The need for prediction such as ML is ever more necessary in rural healthcare systems as they do not receive the same attention as urban areas [14]. This research addresses that gap by introducing ML at a rural community hospital and making the community hospital more independent instead of relying on publicly available models/methods. This pilot study is also unique by using global agnostic methods at the rural community hospital for interpretation instead of using traditional interpretable prediction models such as general linear models and decision tree [67]. Future research built from this pilot study should focus on predicting other surgical outcomes such as discharge disposition and 90-days readmission rate [4]. Also, with Medicare’s recent removal of TJR surgeries from the inpatient list, future research from this pilot study should focus on developing a LOS prediction model to determine “inpatient” vs “outpatient” status for TJRs performed at rural hospitals [12].

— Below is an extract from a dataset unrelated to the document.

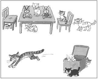 【題目】看圖,判斷后面的陳述是否與圖畫相符。若相符,在相應(yīng)的括號里寫“T”;反之,寫“F”。(6分)

Limitations in this pilot study include using only the RF model for prediction. Further research is on the way to applying different ML models such as Neural Networks, Boosted Trees, and Support Vector Machine (SVM) to discover how well they perform on these surgical data sets compared to RF. Second, the study used only a five-month duration (from August 2020 to December 2020) data with a very small sample size for the ML modeling. Yearly data with a high sample size (n > 1000) could have accounted for a better prediction, validation, and more robust interpretation. Third, the study was retrospective which may contain data collection biases that could alter the results and key findings [88]. Fourth, the testing data contained only 31 patients. More testing and validation data is required to confirm the developed model’s validity. Finally, this study was performed at a community hospital located in a micro-statistical area (with a population size less than 50,000). The results from this pilot study may not be generalizable to more rural places (e.g., with a population of less than 10,000).

Conclusion

Delivering quality surgical care to TJR patients is a challenge to many US hospitals located in rural areas. Predicting LOS in surgery is an important factor as it helps rural hospitals deliver quality surgical service, ensure patient safety, and plan for resources such as inpatient beds. This research explored how a publicly available model (NSQIP) was not an ideal model to predict LOS after a TJR procedure performed at PSH implemented community hospital. Instead, a customized machine learning model–random forest–delivered more accurate LOS predictions despite the limited data available in rural surgical systems. Further, the random forest model also provided a better interpretation by ranking the important independent variables and illustrating its relationship against LOS. The pilot study is first of its kind to use ML at PSH incorporated rural surgical system to predict patient LOS. Results from this pilot study will contribute to helping rural surgical care by reducing LOS while improving patient satisfaction.

Acknowledgments

This research would not have been possible without the help of patients and clinicians of Bozeman Deaconess Hospital.